I am creating one figure with around one hundred subplots/axes, each with a few thousand data points. Currently, I am looping through each subplot and using plt.scatter
to place the points. However, this is quite slow. Is it possible to use multiple CPUs to speed up the plotting, by dividing the labor either one core per subplot or in terms of plotting the data points within a single subplot?
So far, I have attempted using joblib
to use parallel processes for the subplot creation, but rather than creating new subplots within the same figure, it spawns a new figure for each subplot. I have tried with the backends PDF
, Qt5Agg
, and Agg
. Here is a simplified example of my code.
import matplotlib as mpl
mpl.use('PDF')
import seaborn as sns
import matplotlib.pyplot as plt
from joblib import Parallel, delayed
def plotter(name, df, ax):
ax.scatter(df['petal_length'], df['sepal_length'])
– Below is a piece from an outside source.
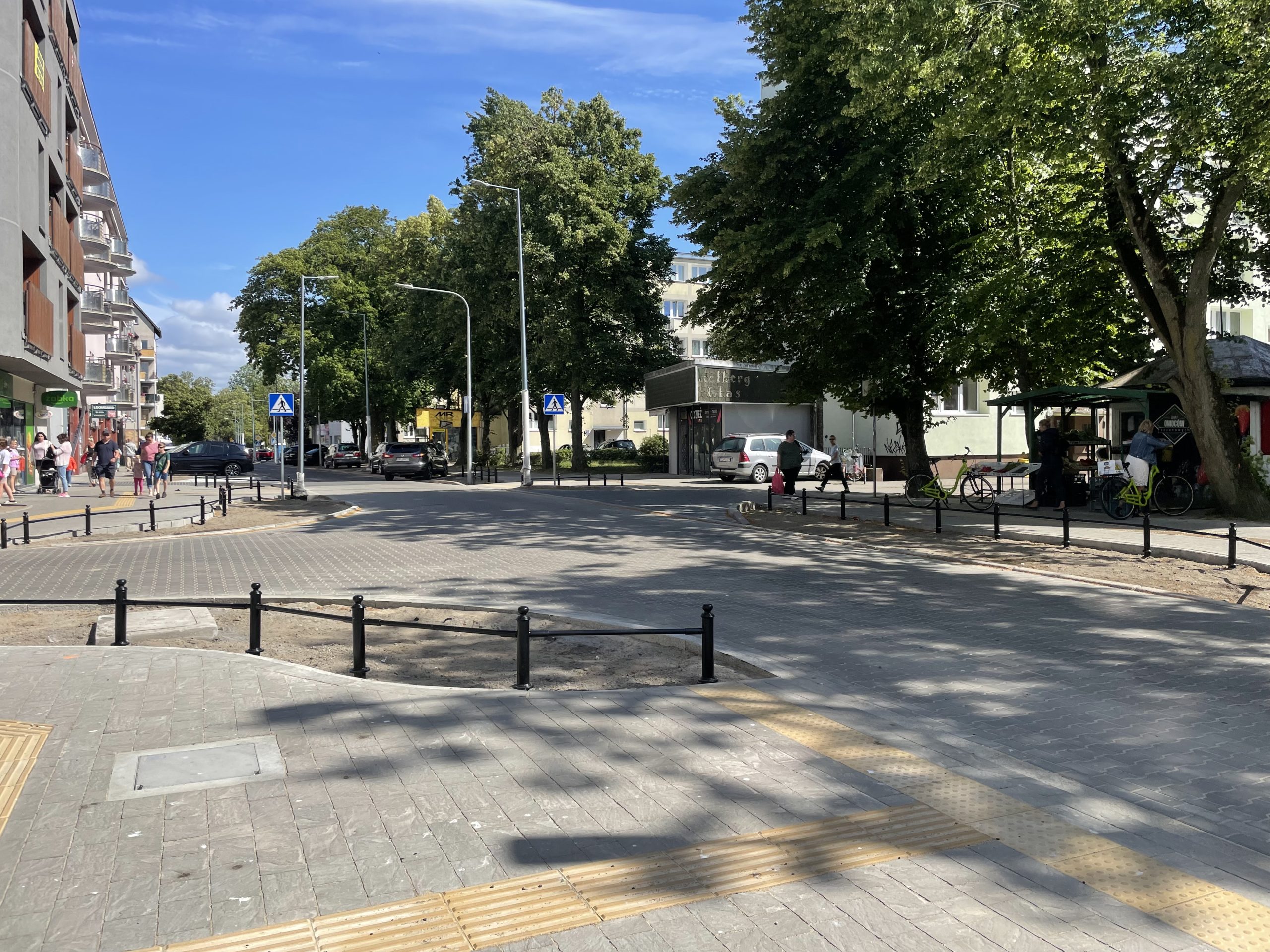 Obecnie prace przy jezdni, miejscach parkingowych i chodnikach są praktycznie zakończone. Trwa jeszcze uzupełnianie kostki brukowej i wymiana lamp. Wkrótce rozpoczną się nasadzenia roślin – miasto ogłosiło już w tym celu przetarg. Wiadomo, że do gruntu trafi m.in. 25 lip drobnolistnych, rośliny wieloletnie oraz kwiaty cebulowe.

iris = sns.load_dataset('iris')
fig, axes = plt.subplots(3,1)
Parallel(n_jobs=2)(delayed(plotter)
(species_name, species_df, ax)
for (species_name, species_df), ax in zip(iris.groupby('species'), axes.ravel()))
fig.savefig('test.pdf')
Setting n_jobs=1
works, all points are then plotted within the same figure. However, increasing it to above one creates four figures: one that I initiate with plt.subplots
and then one for each time ax.scatter
is called.
Since I am passing the axes from the first figure to plotter
, I am not sure how/why the additional figures are created. Is there some fallback in matplotlib, that causes new figures to be created automatically if the specified figure is "locked" by another plotting process?
Any advice on how to improve my current approach or achieve the speedups through alternative approaches are appreciated.